On the IL level those 2 kinds of memory are accessed with UAV-s and Constant buffers.
Also there is a command processor thing in GPUs which is kinda undocumented (I've found some infos in old R7xx documentation).
That handles HOST<->GPU memory transfers (your parameters of kernel binary code), kernel executuion.
- on Evergreen it is allocated per clauses. Also there are Clause temporary regs for short time register needs.
- on Gcn the regs are allocated for the whole kernel. There are separate allocation for scalar registers but in my experience it never was a bottleneck that I always allocate all 105 S registers. Only then V reg allocation is important for kernel efficiency.
All these things are explained in detail in the ISA manuals, maybe they're just scary to read for the first sight.
"I think that the ISA is preferable to the IL." I prefer it too Let me tell why:
IL is as far from ISA as OpenCL.
A few years ago IL had the advantage over OpenCL that it had some extra instructions (for example the multimedia ones) which you can't reach from OpenCL.
Also there was some new ISA instructions that you can't issued from IL. (A year later they implemented those in IL and OCL levels, but the hardware knew it already in machine code)
But nowadays I think OpenCL can issue almost all the extra things in IL. So imo there's no benefit using IL over OCL. And IL handles the Evergreen ISA really good.
But GCN is different. There are many good things in it that you can only reach from ISA at the moment:
- true jumps (like in x86) (no need to unroll EVERYTHING, you can reorganize code into subroutines to fit into the Instruction Cache.)
- int adder with carry in+out in a single cycle (On Evergreen you had to use another instruction to get or add the carry, this is really a boost for high precision math over the Evergreen ISA)
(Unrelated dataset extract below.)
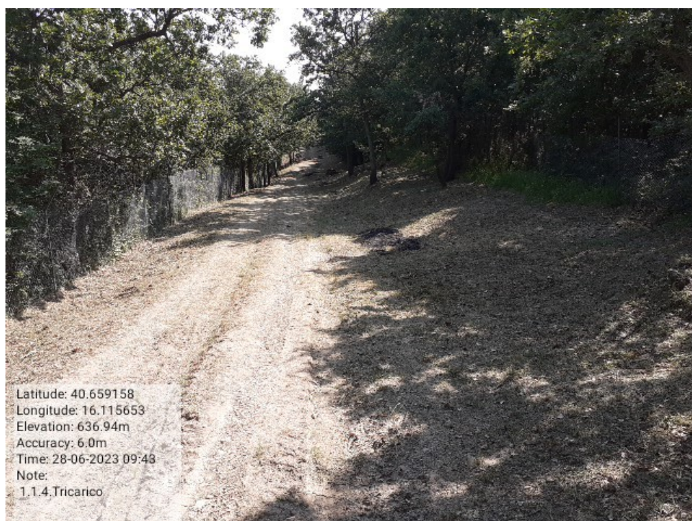
INTERVENTO 1.1.4. - TRICARICO Fg.11 part.1 Loc. Cugno della Pica DOPO

- IO which wastes less ALU cycles:
* you can start read/write 16bytes in from ram (that's not new) in 1 cycle
* you can start r/w 2*8byte from/to LDS
* you can have an LDS parameter in a vector instruction
* you can start reading 64bytes via constant cache with a single scalar instruction.
- you can use registers as an array which is indexed by a scalar register (1 cycle) (for example: you can make a little stack for subroutines)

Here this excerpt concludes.